比如諸溪對他,再比如他的父親對諸溪的母親。

他曾在父親的日記里看到過那個故事,那時他還是一個年輕氣盛的男孩,對父親這個身份,對律師這個職業,都是崇敬的。

在那本日記里記載著的那個故事里,令他記憶深刻的不是故事里多麼感天動地的內容,而是放在日記本扉頁一張泛黃的老照片。

照片里是一對看似情侶的年輕人,男子背著身看不見面貌,但女子面對著鏡頭明顯不是他的母親。乍一看,有些驚訝,一時不知該如何形容那一副光景。

後來冷靜下來,才發現照片里除了那攜手相望的戀人外,角落里還有一個獨自推著自行車男子,正是他的父親。

不知道是誰剛好路過,或者是有意為那對情侶留影,卻不小心將這一幕定格在了四方的相片之中,他的父親孤獨而落寞地圍觀著別人的愛情。

一時間,黎郢梵的心里突然有了些許變化,有一點點心酸,少了一些痛心。

大概是心疼孤單落寞的父親,他有了去了解那個故事的勇氣。在午後陽光漸漸消失在大地上時,坐在父親的書房里,安靜地進入那個被記載在時光里的故事。

許久,他終于看完了那個故事,心里五味雜陳,又是一個他愛她而她愛著別人的故事。

父親對諸溪的媽媽一見鐘情,是在大學的課堂里,她站在課堂最中央的位置,就中國文學現狀侃侃而談。仿佛諾大的教室空無一人,只有她,閃著光發著亮,讓人移不開眼也不願忽視。
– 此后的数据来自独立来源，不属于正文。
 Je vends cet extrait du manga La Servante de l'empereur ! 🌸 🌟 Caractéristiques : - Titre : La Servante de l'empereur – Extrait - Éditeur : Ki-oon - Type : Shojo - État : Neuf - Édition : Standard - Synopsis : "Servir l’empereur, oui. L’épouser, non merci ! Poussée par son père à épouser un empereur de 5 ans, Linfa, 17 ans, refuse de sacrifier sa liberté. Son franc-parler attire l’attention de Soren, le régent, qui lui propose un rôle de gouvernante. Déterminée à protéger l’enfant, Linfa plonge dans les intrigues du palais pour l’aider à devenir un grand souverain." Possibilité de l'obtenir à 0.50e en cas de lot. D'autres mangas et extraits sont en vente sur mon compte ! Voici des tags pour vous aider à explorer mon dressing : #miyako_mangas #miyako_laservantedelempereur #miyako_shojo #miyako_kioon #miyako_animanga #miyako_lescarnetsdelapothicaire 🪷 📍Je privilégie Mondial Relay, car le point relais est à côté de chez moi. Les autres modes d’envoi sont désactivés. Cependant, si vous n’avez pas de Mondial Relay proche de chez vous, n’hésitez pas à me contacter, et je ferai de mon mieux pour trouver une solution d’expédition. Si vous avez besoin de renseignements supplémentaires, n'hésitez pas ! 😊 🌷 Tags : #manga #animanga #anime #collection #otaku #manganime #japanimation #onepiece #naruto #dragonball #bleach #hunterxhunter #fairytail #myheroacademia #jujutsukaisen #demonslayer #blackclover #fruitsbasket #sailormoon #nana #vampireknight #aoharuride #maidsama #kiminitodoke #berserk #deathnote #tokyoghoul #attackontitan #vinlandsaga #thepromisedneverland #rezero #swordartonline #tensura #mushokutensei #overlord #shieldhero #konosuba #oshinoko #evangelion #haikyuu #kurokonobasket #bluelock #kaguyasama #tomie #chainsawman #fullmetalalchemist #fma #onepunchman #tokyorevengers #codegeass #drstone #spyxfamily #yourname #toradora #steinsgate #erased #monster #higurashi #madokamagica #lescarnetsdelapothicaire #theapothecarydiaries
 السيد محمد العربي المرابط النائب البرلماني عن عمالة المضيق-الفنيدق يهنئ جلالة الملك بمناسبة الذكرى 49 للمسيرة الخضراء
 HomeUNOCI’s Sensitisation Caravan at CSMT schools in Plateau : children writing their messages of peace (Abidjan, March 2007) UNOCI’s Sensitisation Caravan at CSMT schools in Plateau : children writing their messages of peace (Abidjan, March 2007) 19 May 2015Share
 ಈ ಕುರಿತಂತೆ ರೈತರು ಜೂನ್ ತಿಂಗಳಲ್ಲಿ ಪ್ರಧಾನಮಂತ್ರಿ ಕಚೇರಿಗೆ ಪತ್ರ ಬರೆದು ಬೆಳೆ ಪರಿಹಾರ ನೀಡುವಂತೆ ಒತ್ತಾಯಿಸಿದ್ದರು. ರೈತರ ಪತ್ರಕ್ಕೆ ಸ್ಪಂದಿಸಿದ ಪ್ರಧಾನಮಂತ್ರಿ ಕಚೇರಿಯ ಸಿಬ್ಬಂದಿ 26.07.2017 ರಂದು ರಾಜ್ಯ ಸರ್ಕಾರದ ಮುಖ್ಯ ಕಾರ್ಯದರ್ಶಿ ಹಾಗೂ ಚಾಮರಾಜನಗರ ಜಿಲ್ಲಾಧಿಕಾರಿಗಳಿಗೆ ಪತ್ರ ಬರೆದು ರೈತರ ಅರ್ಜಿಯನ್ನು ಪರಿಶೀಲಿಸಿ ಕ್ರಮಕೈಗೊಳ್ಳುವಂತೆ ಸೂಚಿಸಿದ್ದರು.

這一幕,在黎郢梵父親的心里留下了深刻的印象。他望著那個落落大方、美麗自信的女子,瞬間墜入了愛情。他在心里告訴自己,春天沒有到來,但他的愛情卻發了瘋一般開了花,擋也擋不住,他只能接受它,並且跟從它。

凡是一見鐘情的相遇,都是一場意外的開始。

是的,作為一名法學院學生,原本黎郢梵的父親是不會去上那節屬于文學院的課的,只不過是沖著上課的知名老教授的名聲去的,同去的還有一個宿舍的其他五名同學。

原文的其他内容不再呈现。